• Приглашаем посетить наш сайт
    Салтыков-Щедрин (saltykov-schedrin.lit-info.ru)
  • Mortuos plango

    MORTUOS PLANGO...

    Поминать так поминать!

    Пушкин

    I

    Новый год, как верстовой столб, всякий раз заставляет подумать, скоро ли доедешь, и вспомнить, какова была дорога… Плоха и очень плоха была, а вот и доехали до 1862 года, и на русской душе нашей словно легче и светлее...

    Когда я сравню теперичное время с тем, что было десять лет тому назад, мороз пробегает по коже — нет, не все, что прошло, будет мило... Тогда было так тяжело, так тяжело, что одно желание и оставалось: «Бежать, уйти куда-нибудь, уничтожиться бесследно, бессознательно, лишь бы отдохнуть, лишь бы не видать, что делается вокруг»[1]; так тяжело, что, когда разразился последний удар, невольно вырвался из груди радостный крик: «Vive la mort!» .

    С этим криком вступили мы в новый 1852 год.

    Слишком много было страданий, стонов вокруг, какая-то духота. Похороны все лучше.

    Что было потом — трудно сказать. Какая-то нравственная холера, нервы опустились, мысли потускли, там-сям спасались люди, кто в Англию, кто в Америку; впрочем, свирепых гонений, ужасных казней и отваг, этой последней поэзии мрачных эпох, не было. Люди изнашивались, затомлялись как-то исподволь, пошлыми неприятностями, мелкими лишениями, они старели, не вынося с собой — выкупом за страдания — тех страшных образов бурь и ураганов, которыми тешится моряк, сидя на берегу. Об этом времени нет воспоминаний.
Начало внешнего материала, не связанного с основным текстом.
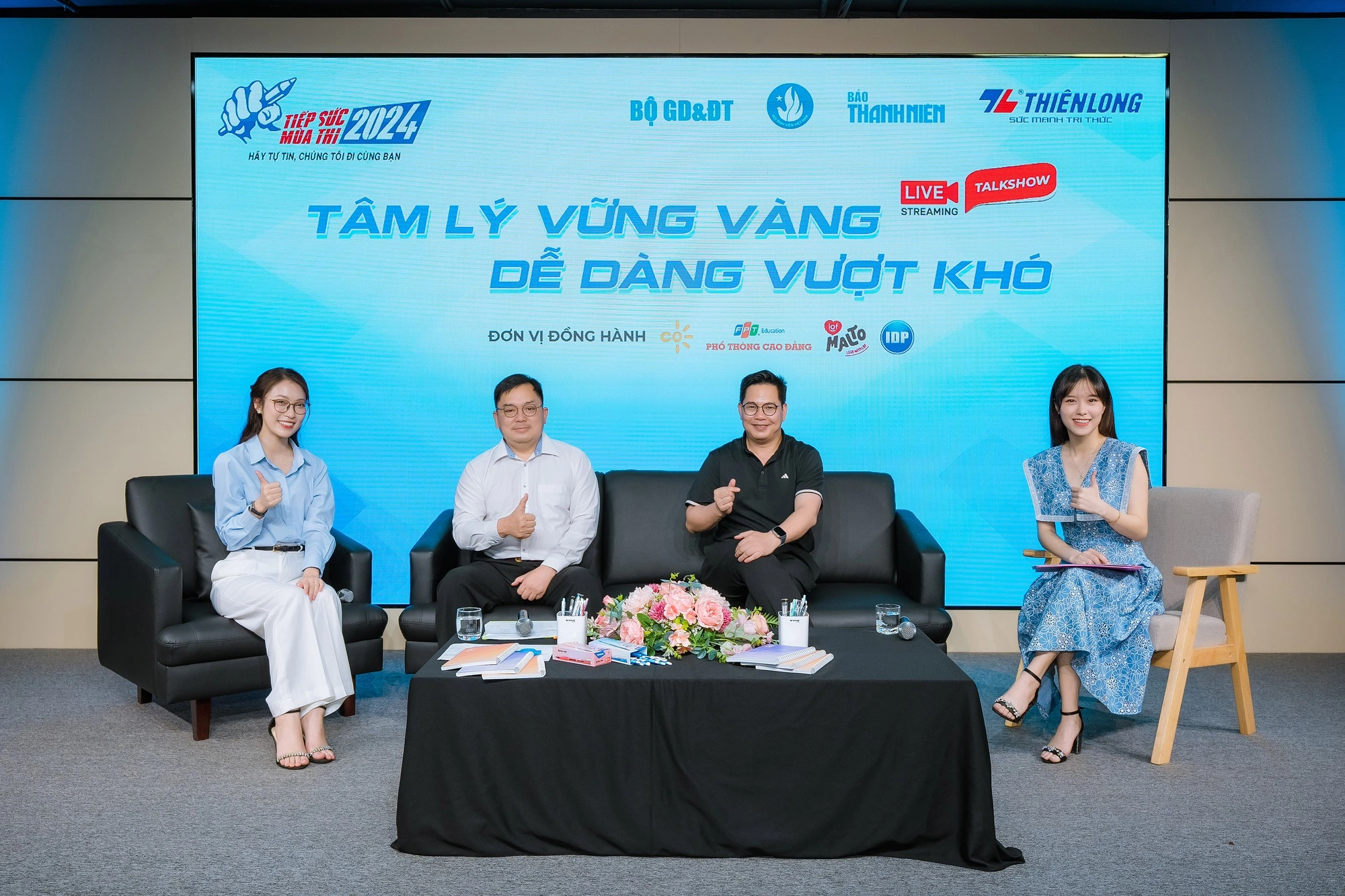 Ban tổ chức cho biết năm nay tiếp tục diễn ra chuỗi tư vấn tâm lý tại các điểm trường THPT "Vững tâm lý - Vượt mùa thi". Chương trình là một nội dung quan trọng để lan tỏa thông điệp "Thi cử nhẹ nhàng", giảm áp lực tâm lý cho thí sinh. Chương trình dự kiến tổ chức từ 5 - 19.5, tại 10 trường THPT của 5 tỉnh, thành phố trên toàn quốc.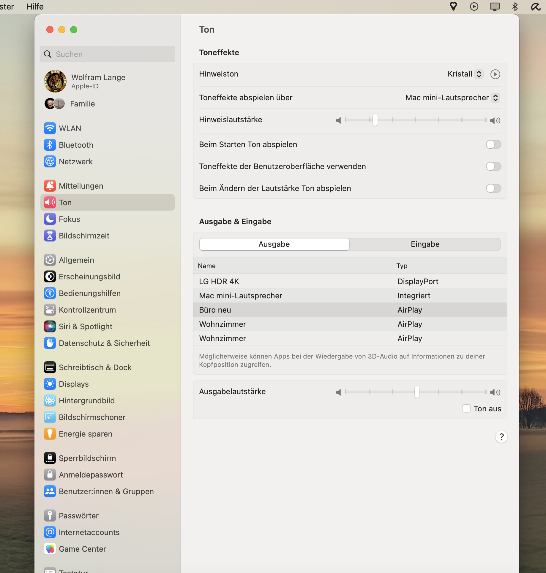 Am Audioanschluss des Mac, das dürfte wohl nur der Kopfhörerausgang sein (???) sind keine "Geräte angeschlossen". Meine beiden HomePod's mini sind - Dank moderner Technik - per AirPlay mit dem Mac verbunden.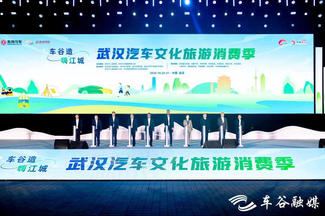 活动现场,李晓燕、彭原璞、刘子清、胡树华、罗军民、杜道峰、冯擎峰、李卫东、诺安文等共同启动“车谷造 嗨江城”2024武汉汽车文化旅游消费季暨东风汽车55周年感恩相伴—钜惠江城活动。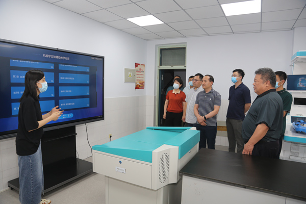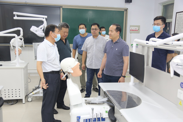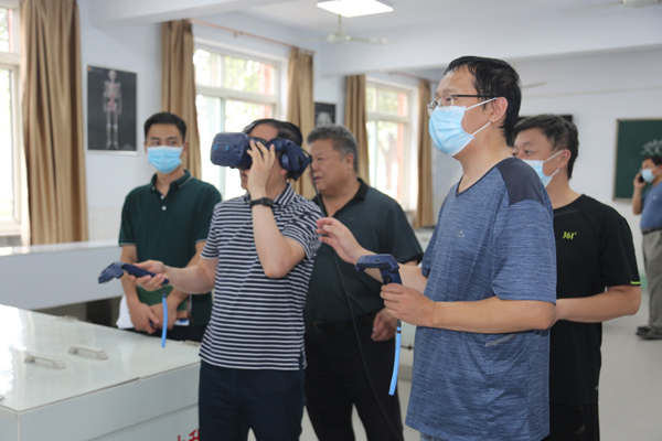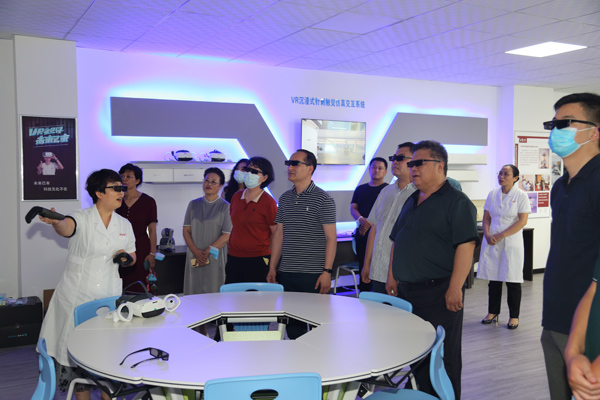 调研组分别到基础部、口腔系、中医系实地参观了各专业实训室,详细了解了专业设置、实践教学、人才培养等情况,并饶有兴致地佩戴专业设备体验了VR虚拟仿真教学和3D全息交互教学。

    ... Хоронили Веллингтона.

    ... Прусский король сошел с ума...

    ... А возле хоронили целый мир идей и стремлений, не замечая того, и целый мир если не сходил с ума, то суживался в уме. Легкомысленное непонимание того, что совершалось, надменное самодовольство передовых людей, передовых журналов, общественного мнения наводило тоску и ужас. На откровенные слова, указывавшие грядущие беды, отвечали свистом и насмешками. У нас в России разные доктринеры тоже натягивали на себя западную тупость; это явление, вызванное негодованием, оппозицией, у нас не имело корней; но видеть на месте, дома, обтерханных людей, которые с надменностью дон Сезар де Базана величественно завертываются в грязный, продырявленный плащ с полной уверенностью, что их дела завтра пойдут блестящим образом, и знать, что они завтра пойдут еще хуже и все хуже, — это ужасно!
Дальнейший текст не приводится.